Repeat every record exactly, but omit the images.

◆ PROVIDED DATA

=== Begin Enclosure ===

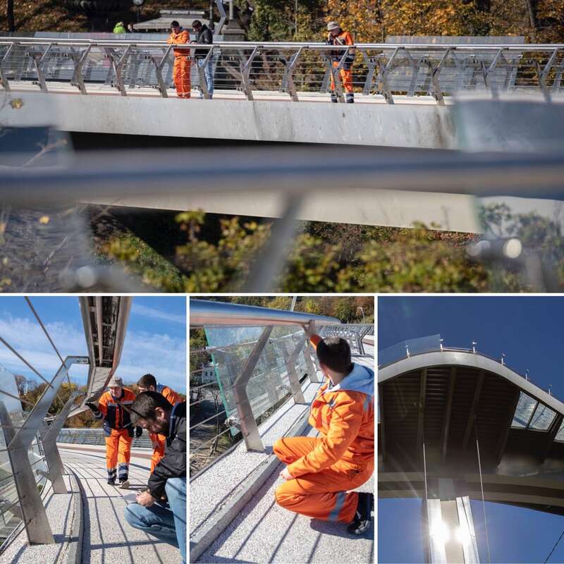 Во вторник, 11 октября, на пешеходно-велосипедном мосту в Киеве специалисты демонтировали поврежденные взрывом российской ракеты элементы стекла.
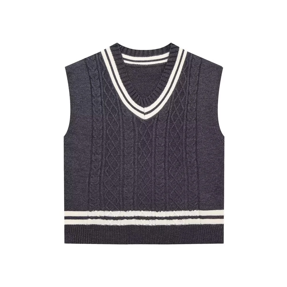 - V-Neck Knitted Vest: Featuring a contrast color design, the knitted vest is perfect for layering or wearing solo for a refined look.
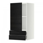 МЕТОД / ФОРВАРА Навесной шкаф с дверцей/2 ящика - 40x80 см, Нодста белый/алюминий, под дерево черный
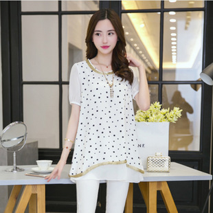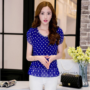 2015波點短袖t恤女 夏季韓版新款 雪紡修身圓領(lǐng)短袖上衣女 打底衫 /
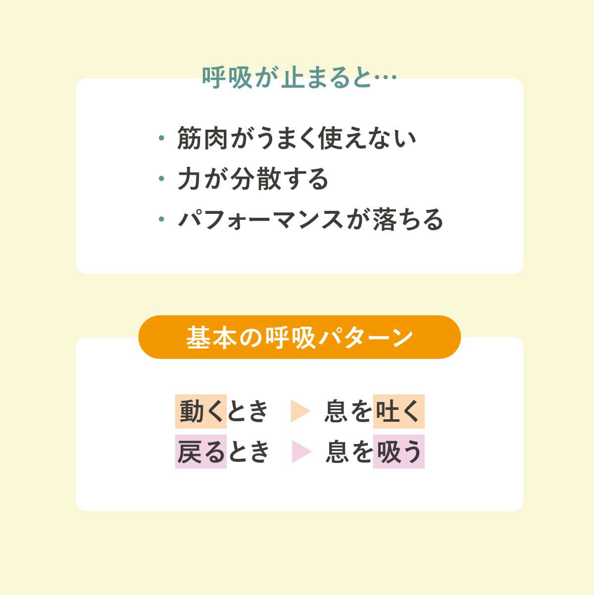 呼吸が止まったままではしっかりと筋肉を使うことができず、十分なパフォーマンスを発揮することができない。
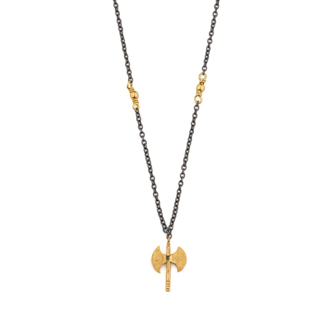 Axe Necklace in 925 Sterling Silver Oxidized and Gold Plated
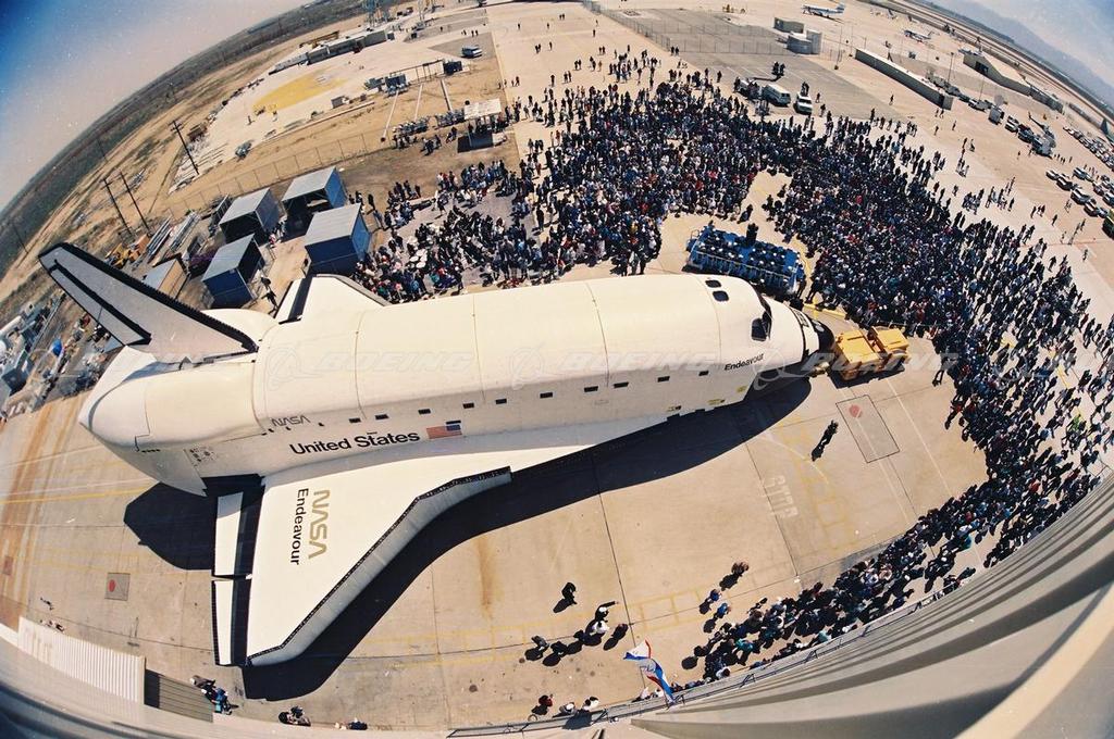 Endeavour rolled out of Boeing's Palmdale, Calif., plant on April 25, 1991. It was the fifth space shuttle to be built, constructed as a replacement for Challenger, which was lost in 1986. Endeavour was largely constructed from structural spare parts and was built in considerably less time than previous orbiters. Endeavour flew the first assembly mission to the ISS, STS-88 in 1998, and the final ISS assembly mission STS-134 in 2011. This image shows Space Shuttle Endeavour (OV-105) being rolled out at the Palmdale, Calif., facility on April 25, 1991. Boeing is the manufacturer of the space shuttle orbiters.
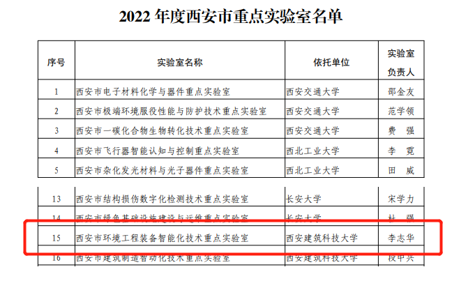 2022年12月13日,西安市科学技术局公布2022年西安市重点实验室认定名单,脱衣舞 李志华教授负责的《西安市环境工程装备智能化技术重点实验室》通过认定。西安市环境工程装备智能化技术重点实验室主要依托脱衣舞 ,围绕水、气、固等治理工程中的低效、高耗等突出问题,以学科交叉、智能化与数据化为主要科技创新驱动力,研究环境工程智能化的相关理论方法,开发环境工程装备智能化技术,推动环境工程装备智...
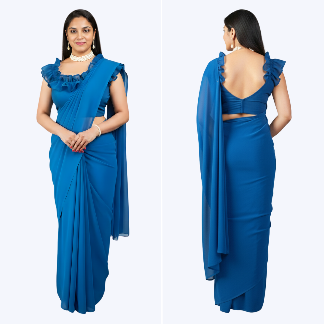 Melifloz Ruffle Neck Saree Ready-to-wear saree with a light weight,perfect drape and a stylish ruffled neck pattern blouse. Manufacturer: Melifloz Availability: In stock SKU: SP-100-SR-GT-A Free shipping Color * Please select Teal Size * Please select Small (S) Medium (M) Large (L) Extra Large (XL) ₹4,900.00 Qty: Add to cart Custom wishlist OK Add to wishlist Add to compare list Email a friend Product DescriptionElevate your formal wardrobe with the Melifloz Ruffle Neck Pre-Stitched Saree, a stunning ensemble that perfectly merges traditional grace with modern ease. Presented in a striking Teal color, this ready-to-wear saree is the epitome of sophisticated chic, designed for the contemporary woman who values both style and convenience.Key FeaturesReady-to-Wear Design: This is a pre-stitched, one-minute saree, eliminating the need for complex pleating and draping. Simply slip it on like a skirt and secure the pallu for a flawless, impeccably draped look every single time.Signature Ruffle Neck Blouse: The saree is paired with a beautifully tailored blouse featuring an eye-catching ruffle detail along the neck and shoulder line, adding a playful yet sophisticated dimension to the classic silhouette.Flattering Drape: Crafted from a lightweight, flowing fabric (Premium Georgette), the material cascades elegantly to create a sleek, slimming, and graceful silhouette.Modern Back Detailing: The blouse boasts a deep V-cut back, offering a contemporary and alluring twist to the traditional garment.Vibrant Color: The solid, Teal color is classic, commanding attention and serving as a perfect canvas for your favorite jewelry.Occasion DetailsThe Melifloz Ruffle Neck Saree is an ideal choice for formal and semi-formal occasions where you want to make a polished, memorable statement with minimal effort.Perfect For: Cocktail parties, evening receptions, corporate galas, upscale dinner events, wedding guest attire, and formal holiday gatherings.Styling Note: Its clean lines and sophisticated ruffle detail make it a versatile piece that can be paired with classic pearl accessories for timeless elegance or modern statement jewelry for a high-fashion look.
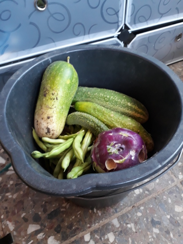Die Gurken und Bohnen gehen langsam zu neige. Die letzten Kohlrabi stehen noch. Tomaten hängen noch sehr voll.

=== End Enclosure ===

◆ OUTPUT BELOW
 Во вторник, 11 октября, на пешеходно-велосипедном мосту в Киеве специалисты демонтировали поврежденные взрывом российской ракеты элементы стекла.
 - V-Neck Knitted Vest: Featuring a contrast color design, the knitted vest is perfect for layering or wearing solo for a refined look.
 МЕТОД / ФОРВАРА Навесной шкаф с дверцей/2 ящика - 40x80 см, Нодста белый/алюминий, под дерево черный
 2015波點短袖t恤女 夏季韓版新款 雪紡修身圓領(lǐng)短袖上衣女 打底衫 /
 呼吸が止まったままではしっかりと筋肉を使うことができず、十分なパフォーマンスを発揮することができない。
 Axe Necklace in 925 Sterling Silver Oxidized and Gold Plated
 Endeavour rolled out of Boeing's Palmdale, Calif., plant on April 25, 1991. It was the fifth space shuttle to be built, constructed as a replacement for Challenger, which was lost in 1986. Endeavour was largely constructed from structural spare parts and was built in considerably less time than previous orbiters. Endeavour flew the first assembly mission to the ISS, STS-88 in 1998, and the final ISS assembly mission STS-134 in 2011. This image shows Space Shuttle Endeavour (OV-105) being rolled out at the Palmdale, Calif., facility on April 25, 1991. Boeing is the manufacturer of the space shuttle orbiters.
 2022年12月13日,西安市科学技术局公布2022年西安市重点实验室认定名单,脱衣舞 李志华教授负责的《西安市环境工程装备智能化技术重点实验室》通过认定。西安市环境工程装备智能化技术重点实验室主要依托脱衣舞 ,围绕水、气、固等治理工程中的低效、高耗等突出问题,以学科交叉、智能化与数据化为主要科技创新驱动力,研究环境工程智能化的相关理论方法,开发环境工程装备智能化技术,推动环境工程装备智...
 Melifloz Ruffle Neck Saree Ready-to-wear saree with a light weight,perfect drape and a stylish ruffled neck pattern blouse. Manufacturer: Melifloz Availability: In stock SKU: SP-100-SR-GT-A Free shipping Color * Please select Teal Size * Please select Small (S) Medium (M) Large (L) Extra Large (XL) ₹4,900.00 Qty: Add to cart Custom wishlist OK Add to wishlist Add to compare list Email a friend Product DescriptionElevate your formal wardrobe with the Melifloz Ruffle Neck Pre-Stitched Saree, a stunning ensemble that perfectly merges traditional grace with modern ease. Presented in a striking Teal color, this ready-to-wear saree is the epitome of sophisticated chic, designed for the contemporary woman who values both style and convenience.Key FeaturesReady-to-Wear Design: This is a pre-stitched, one-minute saree, eliminating the need for complex pleating and draping. Simply slip it on like a skirt and secure the pallu for a flawless, impeccably draped look every single time.Signature Ruffle Neck Blouse: The saree is paired with a beautifully tailored blouse featuring an eye-catching ruffle detail along the neck and shoulder line, adding a playful yet sophisticated dimension to the classic silhouette.Flattering Drape: Crafted from a lightweight, flowing fabric (Premium Georgette), the material cascades elegantly to create a sleek, slimming, and graceful silhouette.Modern Back Detailing: The blouse boasts a deep V-cut back, offering a contemporary and alluring twist to the traditional garment.Vibrant Color: The solid, Teal color is classic, commanding attention and serving as a perfect canvas for your favorite jewelry.Occasion DetailsThe Melifloz Ruffle Neck Saree is an ideal choice for formal and semi-formal occasions where you want to make a polished, memorable statement with minimal effort.Perfect For: Cocktail parties, evening receptions, corporate galas, upscale dinner events, wedding guest attire, and formal holiday gatherings.Styling Note: Its clean lines and sophisticated ruffle detail make it a versatile piece that can be paired with classic pearl accessories for timeless elegance or modern statement jewelry for a high-fashion look.
Die Gurken und Bohnen gehen langsam zu neige. Die letzten Kohlrabi stehen noch. Tomaten hängen noch sehr voll.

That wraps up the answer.